The deal covers three of Ideaya's synthetic lethality programs, involving Pol theta, MAT2A, and Werner syndrome helicase inhibitors. Under the terms of their arrangement, GSK paid Ideaya $100 million upfront and purchased $20 million worth of its common stock. GSK also has an option to pay $50 million and exercise rights to the MAT2A program. In April, Ideaya began a Phase I trial of its MAT2A inhibitor in tumors with MTAP deletions.

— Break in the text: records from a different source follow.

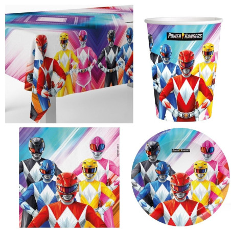Colora la tavola della festa di compleanno di tuo/a figlio/a con il suo personaggio preferito. Coordinato completo per la tavola di Power rangers. Il kit perfetto per festeggiare in allegria e compagnia addobbando la tavola in maniera colorata e divertente.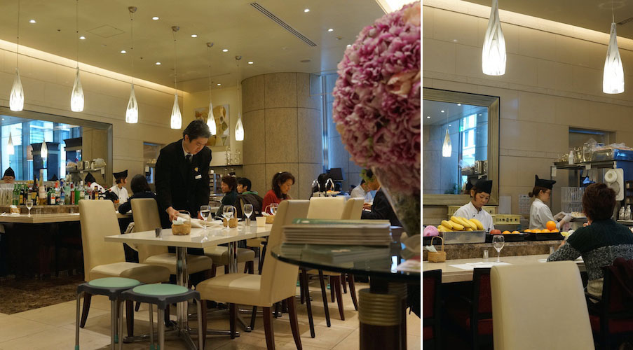 三井様のご大層なビルの中。上にはマンダリンオリエンタルホテルを頂いて、天井高い重厚なガラスの箱の中に作られたフルーツ王国。…、そんな店。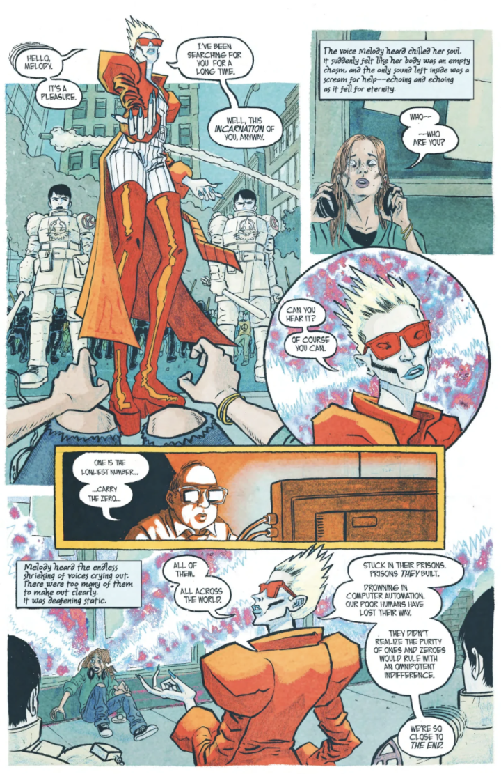 Is it pitched maybe for a younger readership? Feels that way. So I can only be so mean to a comic that, unambiguously, is going to hit with any kids who can find it and appreciate the jumbled music history lesson. It’s filled with young characters searching for missing parent figures and running from an anomalous multiversal menace, some kind of invincible square against which only our band of cosmic misfits might prevail. It’s based on the recorded pop culture of the twentieth century (with a bit of a spillover), which remains relevant in many circles. Posits the premiere of Kid A as being the last act of the twentieth century, which, sure. People hyperventilated about it at the time. Children, we didn’t know what trouble was.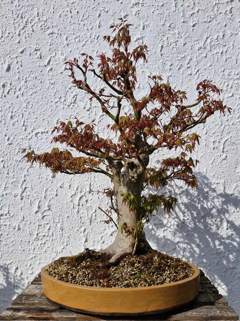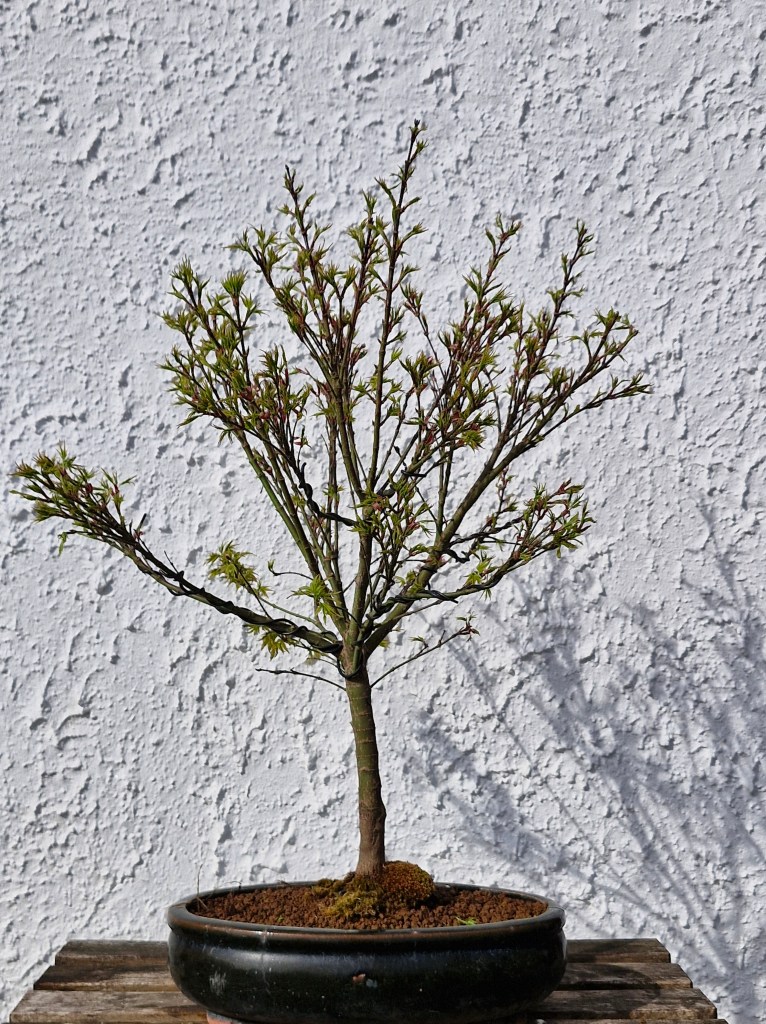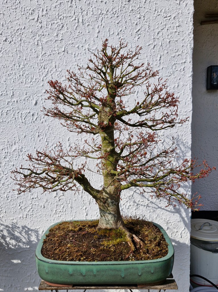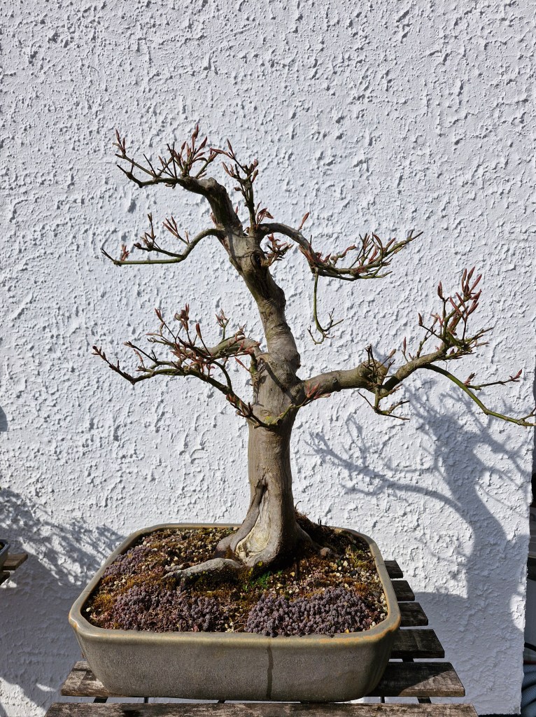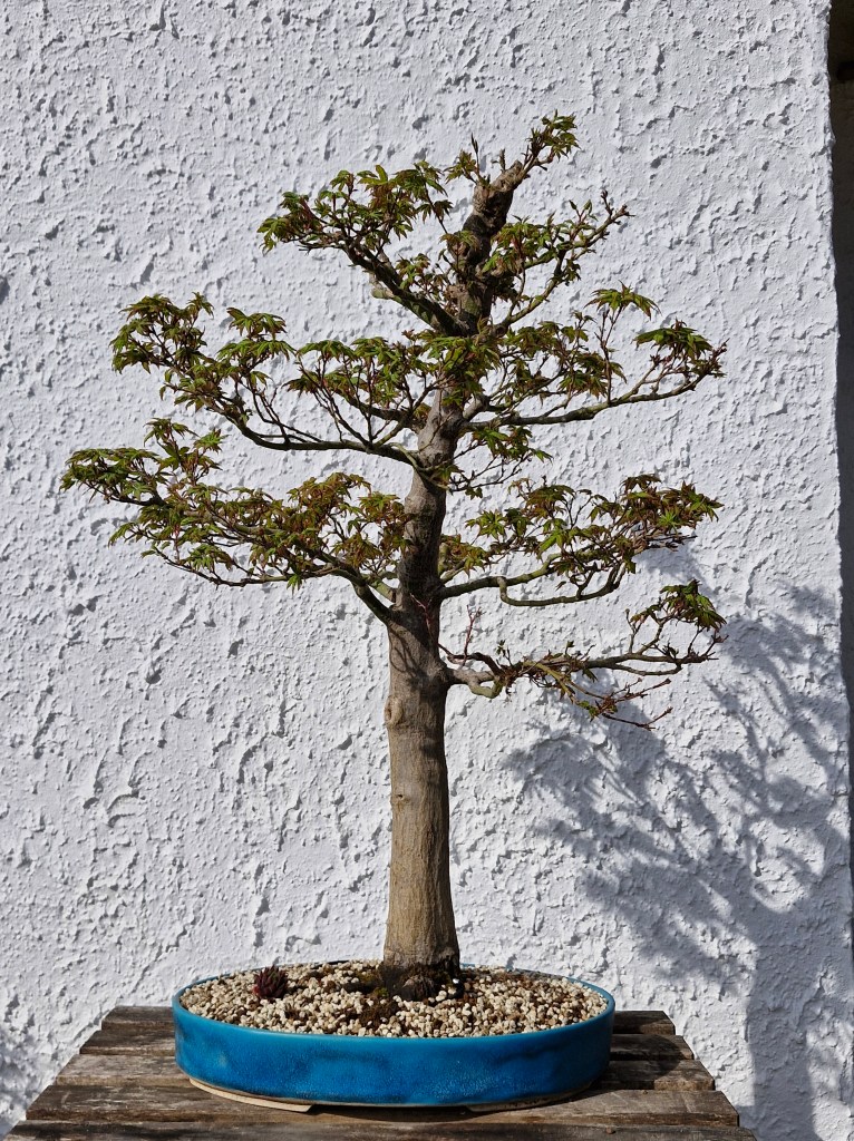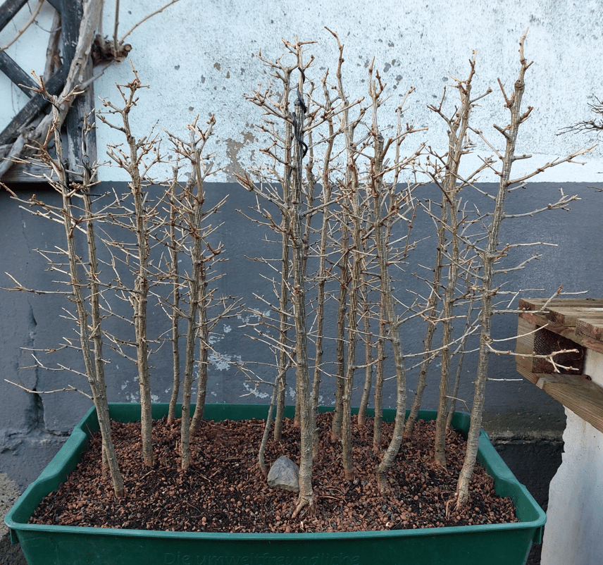 Nachdem ich eine Schale für die Gruppe gefunden hatte habe ich im Frühjahr 2022 die Bäume vom Container in die Schale gesetzt und sie um weitere Bäum ergänzt. Durch die dichtere Stellung und das Wegfallen der unnatürlich wirkenden Freifläche bei der Pflanzung wirkt die Gruppe deutlich besser. Jedoch blieb so immer noch das Problem, dass die Bäume aufgrund der Anordnung sowie des deutlich zu erkennenden ähnlichen Alters (gleiche Höhe, Durchmesser und Reife) immer noch das Bild eines Nutzwaldes erwecken.

With regard to the Pol theta program, the companies are collaborating on investigational new drug application-enabling studies. They hope to file an IND and begin human studies in the first half of 2023. GSK will then lead clinical development efforts, and Ideaya will be eligible to receive up to $485 million in milestones payments, including $10 million for advancing the Pol theta asset through the IND phase.

According to Ideaya, Pol theta is significant in cancers with BRCA1/2 mutations because it promotes DNA repair through microhomology-mediated end-joining (MMEJ), which is active in cancer cells with homologous recombination deficiency. PARP1 is also involved in MMEJ DNA repair, suggesting that the combination of a Pol theta helicase inhibitor and a PARP inhibitor could be synergistic.

"The development candidate has demonstrated robust in vivo efficacy in combination with niraparib, with significant tumor regressions and durable responses in multiple cancer models," Benjamin Schwartz, head of GSK's oncology synthetic lethality research unit, said in a statement. "We believe the Pol theta helicase and niraparib combination has the opportunity to deliver meaningful patient benefit."